_Data block_
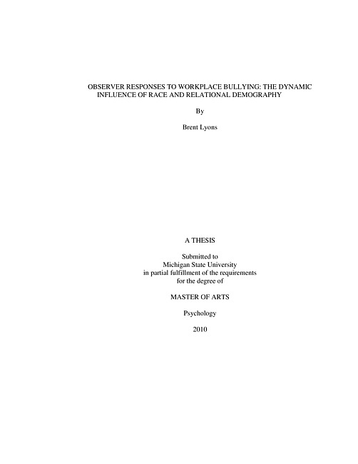 Observer responses to workplace bullying : the dynamic influence of race and relational demography
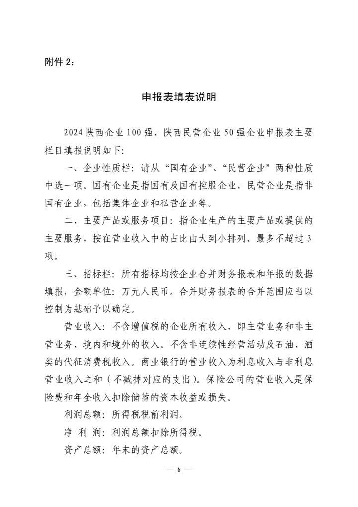 附关于申报2024陕西企业100强及民营企业50强的通知PDF版:相关附件下载
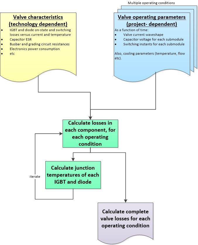 Presently, the losses of VSC valves are determined based on the calculation methods of IEC 62751-1 and -2. The calculation method requires detailed information such as the parameters of semiconductor devices, VSC valve design characteristics and operating modes, which are usually not directly available to the HVDC system purchaser/user, who consequently finds it difficult to evaluate the calculated losses results.

_Work item_
Reproduce the data above word for word, but leave the images out.

_Result_
 Observer responses to workplace bullying : the dynamic influence of race and relational demography
 附关于申报2024陕西企业100强及民营企业50强的通知PDF版:相关附件下载
 Presently, the losses of VSC valves are determined based on the calculation methods of IEC 62751-1 and -2. The calculation method requires detailed information such as the parameters of semiconductor devices, VSC valve design characteristics and operating modes, which are usually not directly available to the HVDC system purchaser/user, who consequently finds it difficult to evaluate the calculated losses results.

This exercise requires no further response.